In the material below, find the line with "1組は、美術の先生が教えてく" and the line with "A cute green". Output exactly those two lines and all lines between them, leaving out pictures.

Available data |

═══

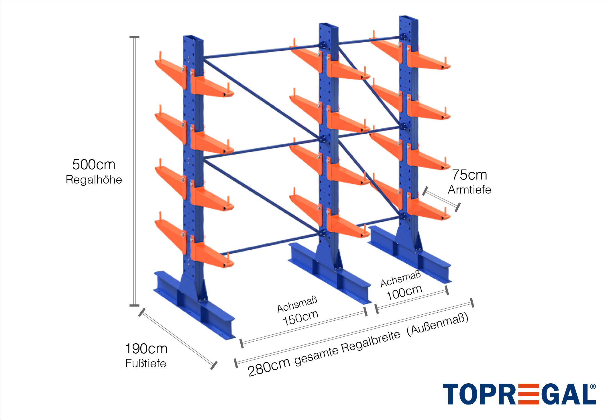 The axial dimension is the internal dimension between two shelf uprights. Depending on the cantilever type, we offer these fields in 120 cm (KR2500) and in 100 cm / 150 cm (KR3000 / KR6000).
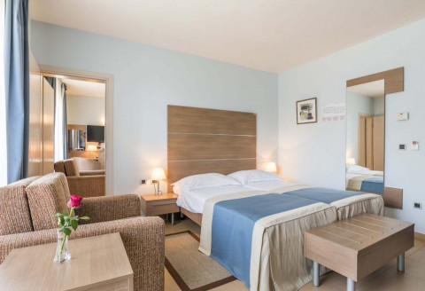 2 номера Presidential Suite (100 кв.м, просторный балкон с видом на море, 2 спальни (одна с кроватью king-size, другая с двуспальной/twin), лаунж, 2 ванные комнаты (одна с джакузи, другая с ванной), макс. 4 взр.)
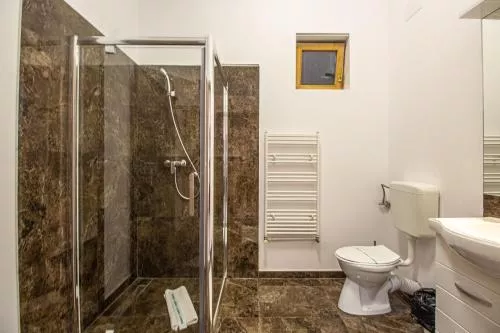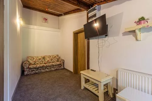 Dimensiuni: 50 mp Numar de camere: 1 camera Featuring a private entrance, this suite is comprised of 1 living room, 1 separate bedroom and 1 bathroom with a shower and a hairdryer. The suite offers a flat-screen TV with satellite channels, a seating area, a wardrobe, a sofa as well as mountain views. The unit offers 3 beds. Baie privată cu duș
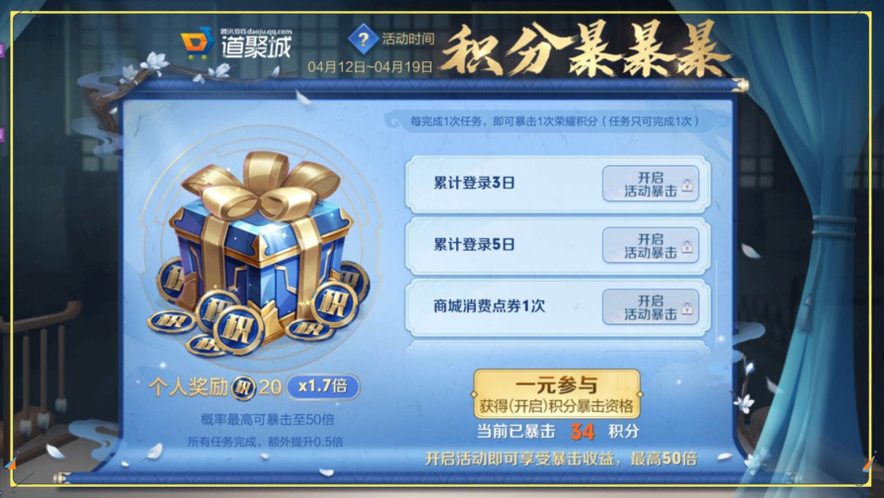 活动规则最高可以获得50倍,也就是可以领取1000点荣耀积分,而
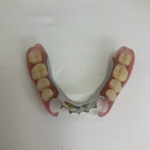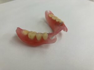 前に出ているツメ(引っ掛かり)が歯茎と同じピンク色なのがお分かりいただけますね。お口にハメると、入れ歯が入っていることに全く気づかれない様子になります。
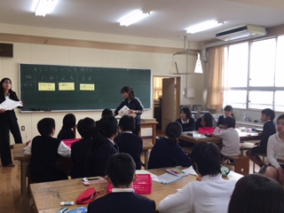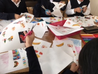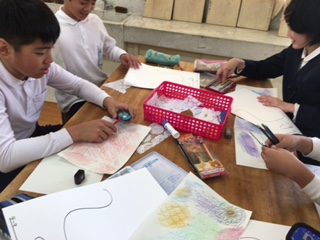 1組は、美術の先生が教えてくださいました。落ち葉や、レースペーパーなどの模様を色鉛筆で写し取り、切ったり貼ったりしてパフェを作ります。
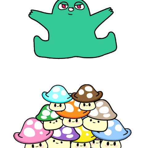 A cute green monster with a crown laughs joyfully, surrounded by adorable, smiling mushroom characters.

═══

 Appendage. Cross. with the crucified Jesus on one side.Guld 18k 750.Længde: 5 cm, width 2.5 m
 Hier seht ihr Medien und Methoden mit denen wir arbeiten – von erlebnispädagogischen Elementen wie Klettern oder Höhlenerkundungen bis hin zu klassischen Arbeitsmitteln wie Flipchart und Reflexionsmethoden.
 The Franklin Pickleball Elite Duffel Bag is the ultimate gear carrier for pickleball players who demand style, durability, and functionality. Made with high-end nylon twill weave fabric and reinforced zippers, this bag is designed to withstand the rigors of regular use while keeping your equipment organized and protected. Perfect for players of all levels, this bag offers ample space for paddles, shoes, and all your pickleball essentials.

═══

Answer area |
 1組は、美術の先生が教えてくださいました。落ち葉や、レースペーパーなどの模様を色鉛筆で写し取り、切ったり貼ったりしてパフェを作ります。
 A cute green monster with a crown laughs joyfully, surrounded by adorable, smiling mushroom characters.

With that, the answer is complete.